Limits on Freedom?

From the time children begin to move around on their own, parents are confronted with a decision about how freely they should be allowed to do this and the question of what the appropriate limits are to their behavior and how to set those limits.

Crawling babies are often interested in following a light cord to its socket or reaching for a breakable object on the coffee table. With more mobility may come the dangerous objects under the kitchen sink or other things to investigate such as remote controls for the TV left lying around. Babies and toddlers seek to explore their world and everything in it is an object of their curiosity. For this reason, new parents are cautioned to “child proof” their home, meaning put everything valuable or breakable out of sight.

The old saying is, “little children little problems, big children bigger problems.” So it is with the issue of allowing freedom. One often sees a parent watching with trepidation as her child on a scooter gets to the street corner before her. Is it safe? Will he stop at the corner? Does he understand traffic lights?

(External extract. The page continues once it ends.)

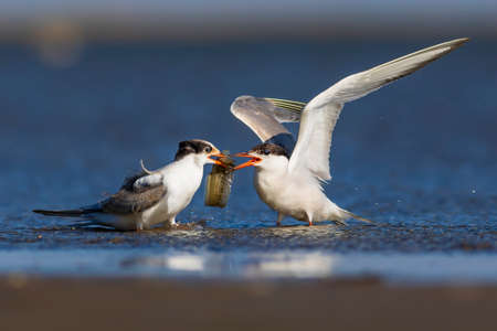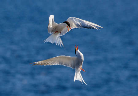 Common Terns interacting in flight. Adult common terns in flight in sunset light on the blue sea background. Scientific name: Sterna hirundo. Ladoga Lake. Russia
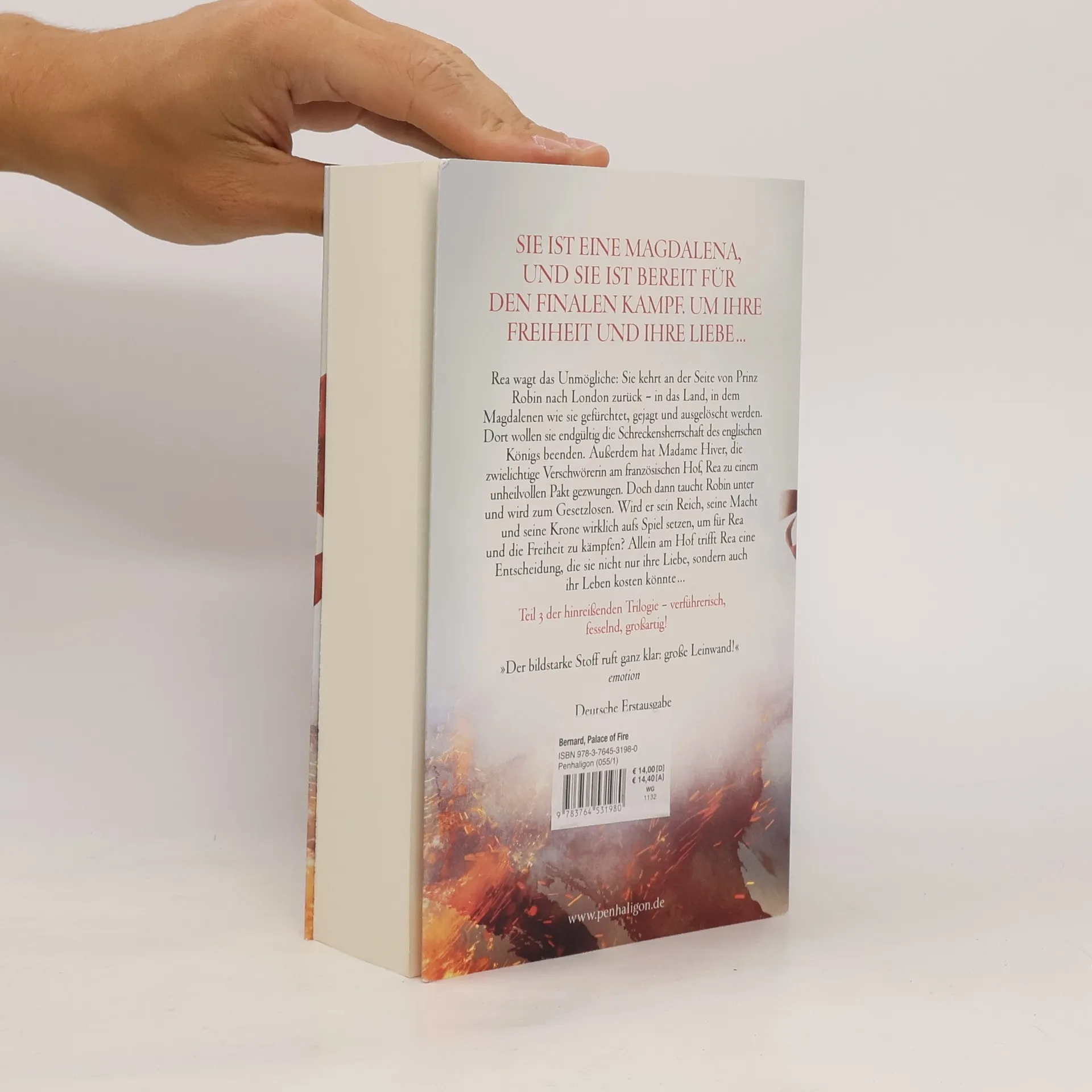 Sie ist eine Magdalena, und sie ist bereit für den finalen Kampf: um ihre Freiheit und ihre Liebe ... Rea wagt das Unmögliche: Sie kehrt an der Seite von Prinz Robin nach London zurück – in das Land, in dem Magdalenen wie sie gefürchtet, gejagt und ausgelöscht werden. Doch Rea hat Robins Antrag, seine Frau und damit Königin von England zu werden, abgelehnt: Eine Zukunft mit ihm ist für sie undenkbar, wenn sie ihre wahre Identität geheimhalten muss. Außerdem hat Madame Hiver, die zwielichtige Verschwörerin am französischen Hof, Rea zu einem unheilvollen Pakt gezwungen. Doch dann taucht Robin unter und wird zum Gesetzlosen. Wird er sein Reich, seine Macht und seine Krone aufs Spiel setzen, um für Rea und die Freiheit zu kämpfen? Alle Bücher der »Palace-Saga«: Palace of Glass. Die Wächterin Palace of Silk. Die Verräterin Palace of Fire. Die Kämpferin Palace of Blood. Die Königin Eine Kämpferin, die eine verbotene Gabe besitzt. Ein Prinz, dessen Leben auf dem Spiel steht. Ein gläserner Palast, in dem eine tödliche Intrige gesponnen wird. Diese hinreißende Tetralogie werden die Fans von Sarah J. Maas, Kiera Cass und Erin Watt lieben. Das Debüt einer hochbegabten deutschen Autorin.

Even with good intentions, how much self-control does he have?

Then may come the question of going outside alone, going to the neighborhood store or eventually going to school by oneself. Even within the home children may begin to challenge parental limits or rules about tv or computer time, bed time or time to be spent on homework. With parents out at work the question may arise as to when children can be left alone or given various responsibilities.

As children get older the questions become more challenging, particularly in the face of the refrain, “my friends are allowed to do it.” This can mean what time to get home, what movie to go to, what tv program to watch. The father of a teenager was thrown by his daughter’s wish to go somewhere with a friend who was a newly licensed driver.

Children often feel powerless in the face of parental rules and unilateral decisions. So they deny facts or forcefully assert their independence. Part of being a child is to fudge the truth at times, evade the rules and if all else fails, beg and cry. Parents often feel as though the only alternatives are to try enforce their authority in some way or to “give in” to the child.

This gets to the hard part of being a parent. There is no child-rearing manual that can tell you the “right” thing to do. Parents may worry that a child may defy them, or that “giving in” threatens their authority for the future. But authority as a parent means making decisions about what is best for your child. There is no rule that applies to every situation. The decision one makes involves a judgement about safety, about a child’s level of maturity, sense of responsibility, and one’s values as a parent.

Parents give up their authority and no longer stay in charge when they become drawn into an argument on the child’s level. Children can wear you down every time. It may seem easier at the moment either to just do what they want or to try to lay down the law. It is this abdication of real decision making by a parent that leads to the undermining of authority next time around. Real authority lies in doing what you think best in each situation, even when it is what the child wants.

And even with uncertainty about whether your decision is the right one.